During the Midway battle, Tunstall knew fliers who were based on the atoll. Six planes with three men in each, a pilot, radioman and gunner, took off and only two came back.
"I talked to one of them the other day, and he said, 'I'd love to have some sand (from Midway)," Tunstall said.
Besides four carriers, the Japanese lost a heavy cruiser, three destroyers, some 291 planes and at least 4,800 men.
Dominant before Midway, Japan's fleet after Midway would never again regain the offensive.
American losses included, besides the Yorktown, a destroyer, about 145 planes and 307 men.
The Japanese had hoped to entrap the U.S. Pacific Fleet at Midway and use the tiny outpost 1,200 miles from Honolulu as a forward operating base.
Japanese "Kate," "Val" and "Zero" warplanes struck Midway itself for 17 minutes, destroying almost every building on Eastern Island — one of three islands, along with Sand and Spit, comprising the atoll.
Forty-nine Marines died and 53 were wounded.
PLOTTING AN AMBUSH
Despite the losses, the U.S. had an advantage going into the fight.
Code-breakers working at Pearl Harbor had cracked the Japanese Navy 25, or JN-25 code, and Adm. Chester Nimitz ordered the carriers Enterprise, Hornet and Yorktown — patched up in a Herculean effort by Pearl Harbor shipyard workers after receiving bomb damage in the Battle of the Coral Sea — to lie in wait several hundred miles off Midway at a spot designated "Point Luck."
Retired Rear Adm. John Besson, now in his mid-90s, was on the cruiser USS Pensacola.
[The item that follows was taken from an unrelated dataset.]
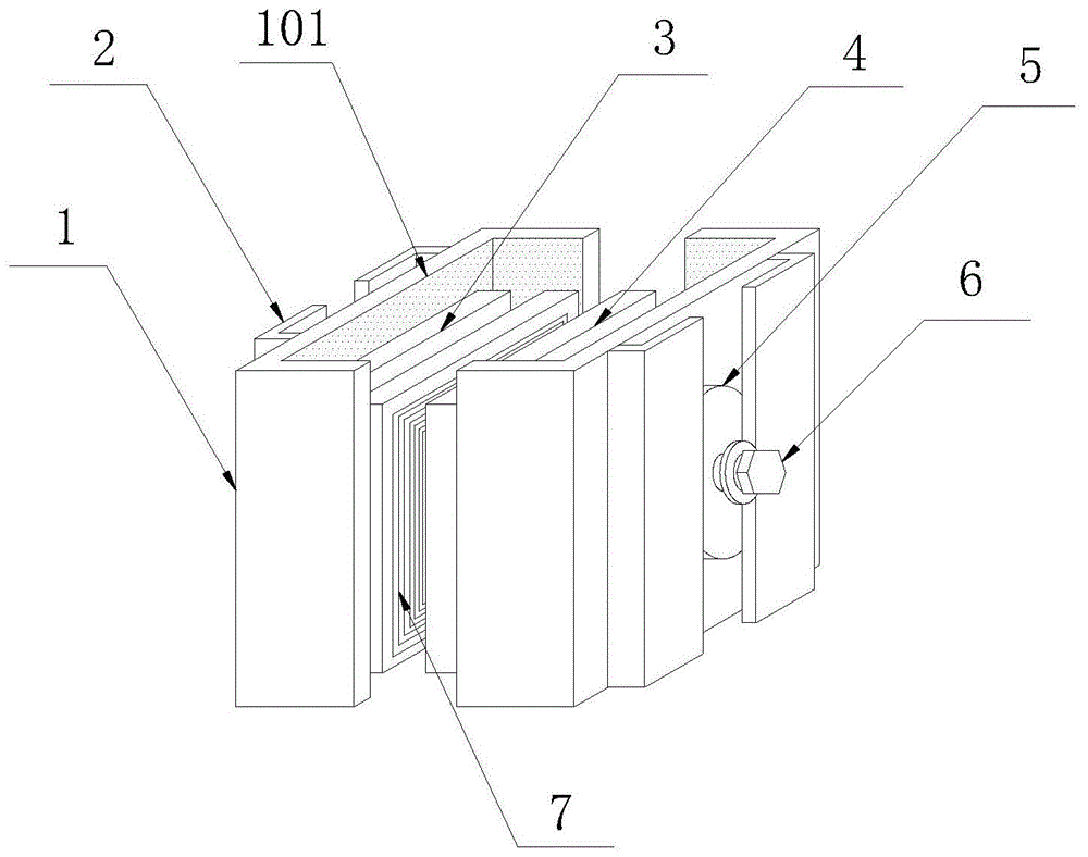 2.根據權利要求1所述的一種環氧樹脂澆注母線槽聯接器,其特征在于,所述鋼架(1)的內周圍面設置有絕緣層(101),所述絕緣層(101)的材料為環氧樹脂。

"I was down locked up inside," he said yesterday, "waiting for signals of changing the speed of the ship."
He remembered "guns going off" and being worried about torpedoes.
"If they had a torpedo attack and they wanted to put it into the side of our ship, it would come in there (where I was)," he said.
Adm. Robert Willard, commander of U.S. Pacific Fleet, told hundreds gathered in the shade of a big beige and blue hangar showing its age that "words can't express our nation's gratitude" for the sacrifice of the Midway defenders 65 years ago.
Gov. Linda Lingle, noting that Hawai'i could have been the next place to be attacked if the Japanese had prevailed at Midway, said the Midway battle is a reminder "not to take anything for granted — not our life, not freedom, not natural beauty."
ACCESS NOW LIMITED
Midway Atoll, with 280 buildings, including a handful built in 1904 for the Commercial Pacific Cable Co., is managed by the U.S. Fish and Wildlife Service and is part of the Papahanaumokuakea Marine National Monument.
Those taking the cruise from Long Beach, Calif., to Midway for the 65th anniversary paid $25 each to the Fish and Wildlife Service to be on the atoll for the day and received historic information lectures aboard the ship.
Fish and Wildlife plans to open Midway for small-scale visitation, beginning in November or December, with no more than 30 people allowed on Sand Island at a time.
In the past, up to four cruise ships have docked at Midway a year, but plans call for a limit of three a year.
The cruise ships follow stringent environmental guidelines, said Fish and Wildlife spokeswoman Barbara Maxfield.